ABOUT THIS TASK: What is needed is the full set of records, word for word, with no pictures.

START INFORMATION SUPPLIED

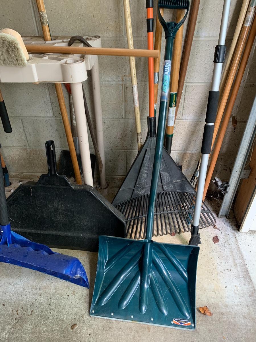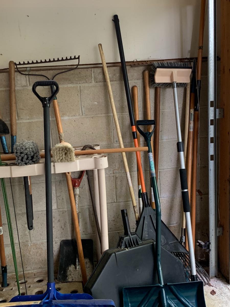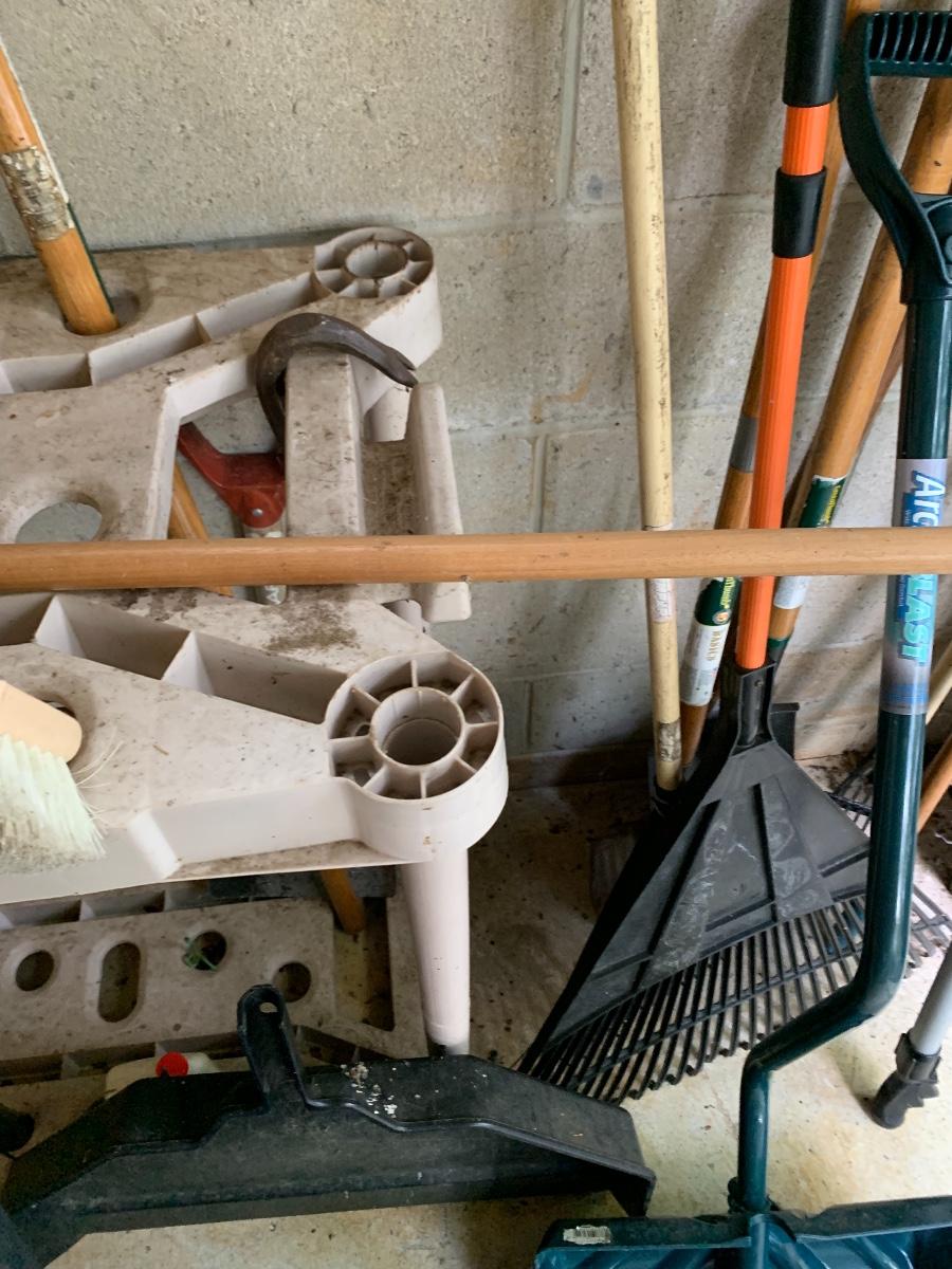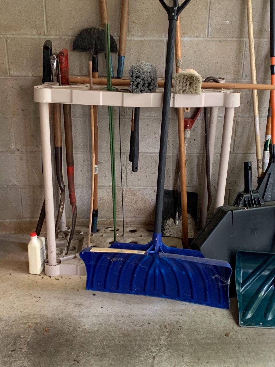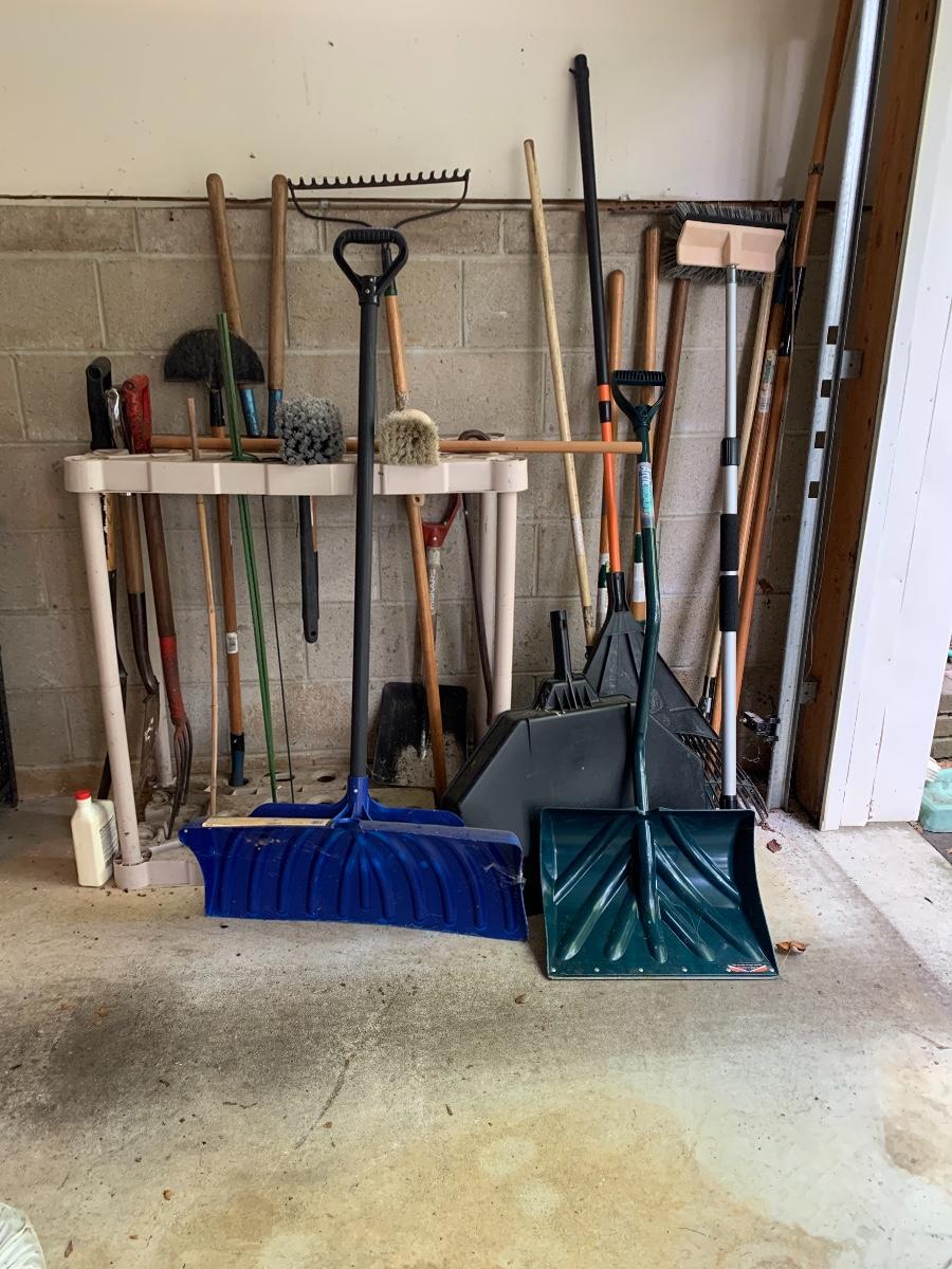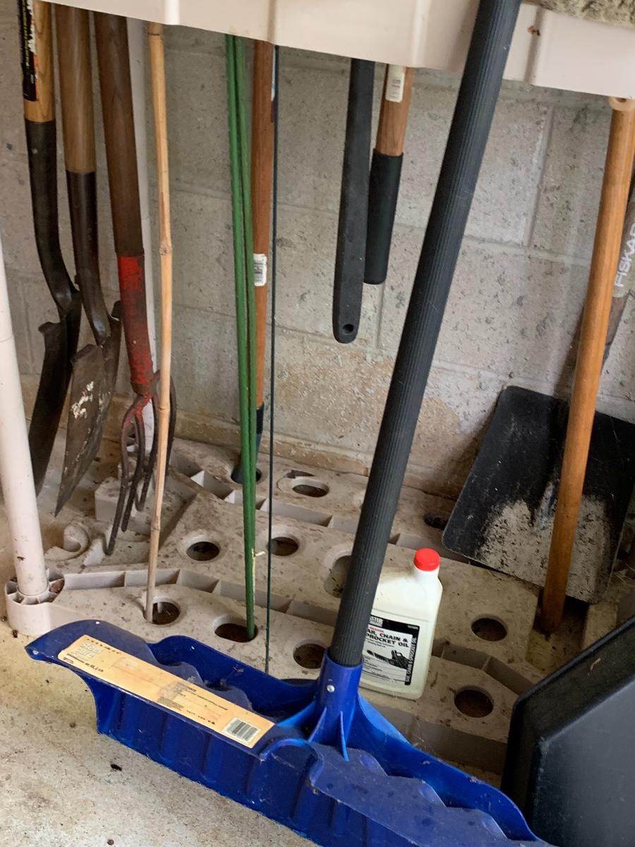 Misc. yard tools along with the tool holder to help keep them organized.
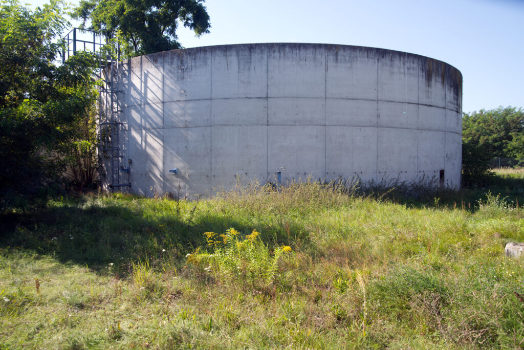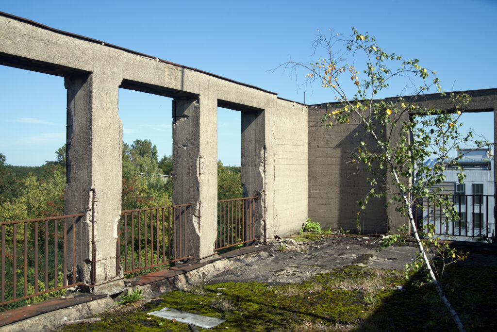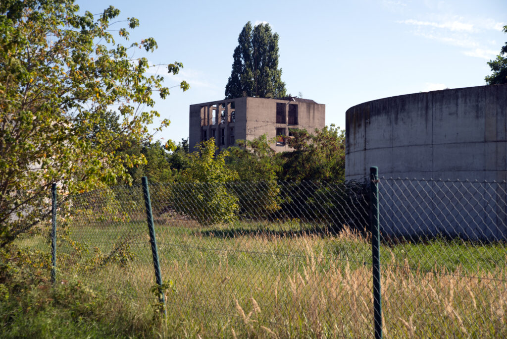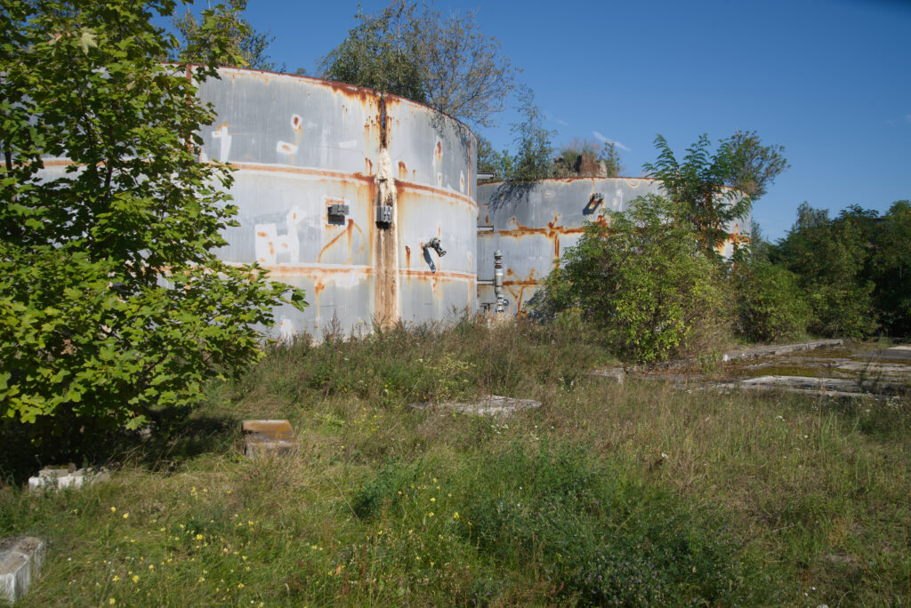 Wirklich auffällig, weil verlassen und vom nachindustriellen wilden Grün vereinnahmt, waren riesige Tanks. Diese gehörten zu einer Anlage für die Gewinnung von Energie aus Bioabfällen. Sie speicherten das Material, aus dem später Biogas gewonnen werden sollte. Die Anlage war aber nicht nur ein ökonomisch und finanziell gescheitertes Nachwendeprojekt. Einwohner der Stadt beklagten den unerträglichen Geruch, den die Anlage verursachte.
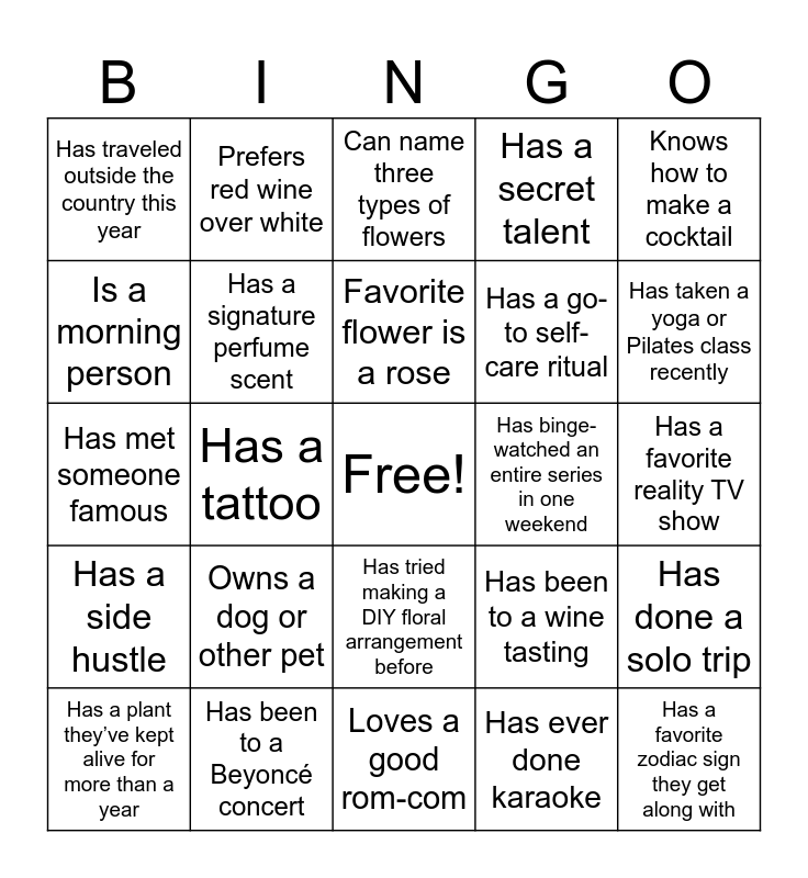 This bingo card has a free space and 24 words: Owns a dog or other pet, Has been to a Beyoncé concert, Favorite flower is a rose, Has a plant they’ve kept alive for more than a year, Knows how to make a cocktail, Has traveled outside the country this year, Is a morning person, Prefers red wine over white, Has binge-watched an entire series in one weekend, Has tried making a DIY floral arrangement before, Has a go-to self-care ritual, Has met someone famous, Has been to a wine tasting, Has done a solo trip, Has a signature perfume scent, Has ever done karaoke, Has a favorite reality TV show, Can name three types of flowers, Has taken a yoga or Pilates class recently, Has a tattoo, Has a favorite zodiac sign they get along with, Has a side hustle, Has a secret talent and Loves a good rom-com.
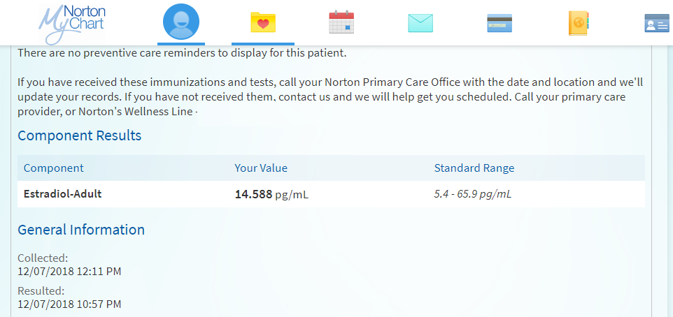 @Ollie we all need to shoot for 20 estrogen, give or take. Other wise calcium will go into our scalp/ blood vessels which could be why we are balding.
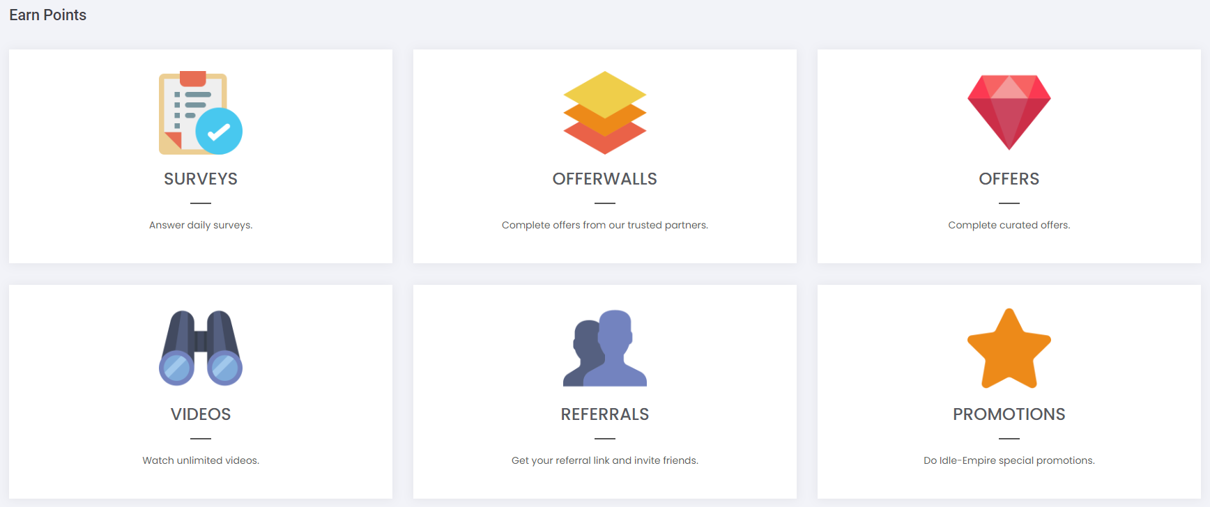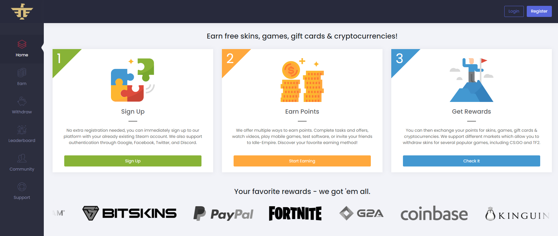 Idle Empire – это сайт, предлагающий пользователям заработать реальные деньги, выполняя различные задания. Пользователи получают за выполнение заданий очки, которые они могут обменять на реальные деньги или скины в различных играх.
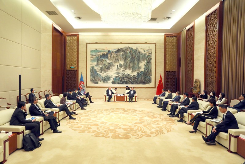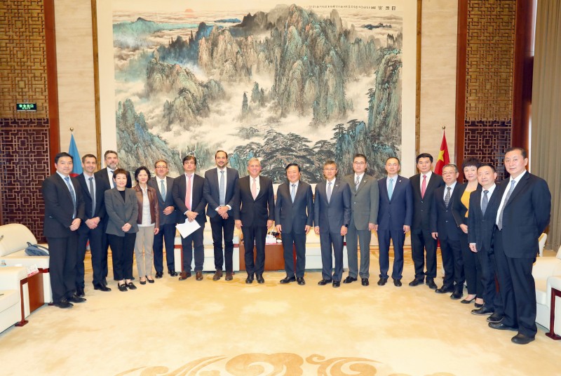 中国五矿副总经理焦健、朱可炳出席会见。相关总部部门及直管企业有关负责人参加会见。
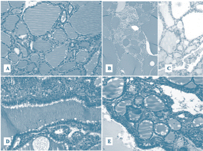 Figura 3.: A) folículos tiroideos con coloide que pueden teñirse tanto acidófilos como basófilos, B) el coloide es positivo a la tinción de PAS, C) al azul alcián, D) en glándulas activas se pueden observar vacuolas de reabsorción entre el coloide y la región apical de las células foliculares, E) tinción de Masson, donde se observan láminas delgadas de colágena (color azul) entre los folículos.
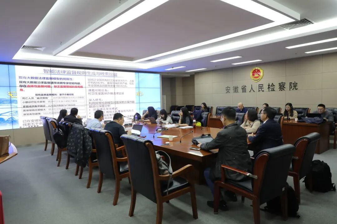 在合肥市检察院,项目组听取了合肥市检察机关数字检察总体情况,庐阳区检察院、蜀山区检察院分别展示创新法律监督模型并汇报数字检察工作情况,调研组围绕法律监督模型数据获取及监督规则、模型在社会治理领域的应用等方面问题进行深入调研。

END INFORMATION SUPPLIED

EXPECTED OUTPUT:
 Misc. yard tools along with the tool holder to help keep them organized.
 Wirklich auffällig, weil verlassen und vom nachindustriellen wilden Grün vereinnahmt, waren riesige Tanks. Diese gehörten zu einer Anlage für die Gewinnung von Energie aus Bioabfällen. Sie speicherten das Material, aus dem später Biogas gewonnen werden sollte. Die Anlage war aber nicht nur ein ökonomisch und finanziell gescheitertes Nachwendeprojekt. Einwohner der Stadt beklagten den unerträglichen Geruch, den die Anlage verursachte.
 This bingo card has a free space and 24 words: Owns a dog or other pet, Has been to a Beyoncé concert, Favorite flower is a rose, Has a plant they’ve kept alive for more than a year, Knows how to make a cocktail, Has traveled outside the country this year, Is a morning person, Prefers red wine over white, Has binge-watched an entire series in one weekend, Has tried making a DIY floral arrangement before, Has a go-to self-care ritual, Has met someone famous, Has been to a wine tasting, Has done a solo trip, Has a signature perfume scent, Has ever done karaoke, Has a favorite reality TV show, Can name three types of flowers, Has taken a yoga or Pilates class recently, Has a tattoo, Has a favorite zodiac sign they get along with, Has a side hustle, Has a secret talent and Loves a good rom-com.
 @Ollie we all need to shoot for 20 estrogen, give or take. Other wise calcium will go into our scalp/ blood vessels which could be why we are balding.
 Idle Empire – это сайт, предлагающий пользователям заработать реальные деньги, выполняя различные задания. Пользователи получают за выполнение заданий очки, которые они могут обменять на реальные деньги или скины в различных играх.
 中国五矿副总经理焦健、朱可炳出席会见。相关总部部门及直管企业有关负责人参加会见。
 Figura 3.: A) folículos tiroideos con coloide que pueden teñirse tanto acidófilos como basófilos, B) el coloide es positivo a la tinción de PAS, C) al azul alcián, D) en glándulas activas se pueden observar vacuolas de reabsorción entre el coloide y la región apical de las células foliculares, E) tinción de Masson, donde se observan láminas delgadas de colágena (color azul) entre los folículos.
 在合肥市检察院,项目组听取了合肥市检察机关数字检察总体情况,庐阳区检察院、蜀山区检察院分别展示创新法律监督模型并汇报数字检察工作情况,调研组围绕法律监督模型数据获取及监督规则、模型在社会治理领域的应用等方面问题进行深入调研。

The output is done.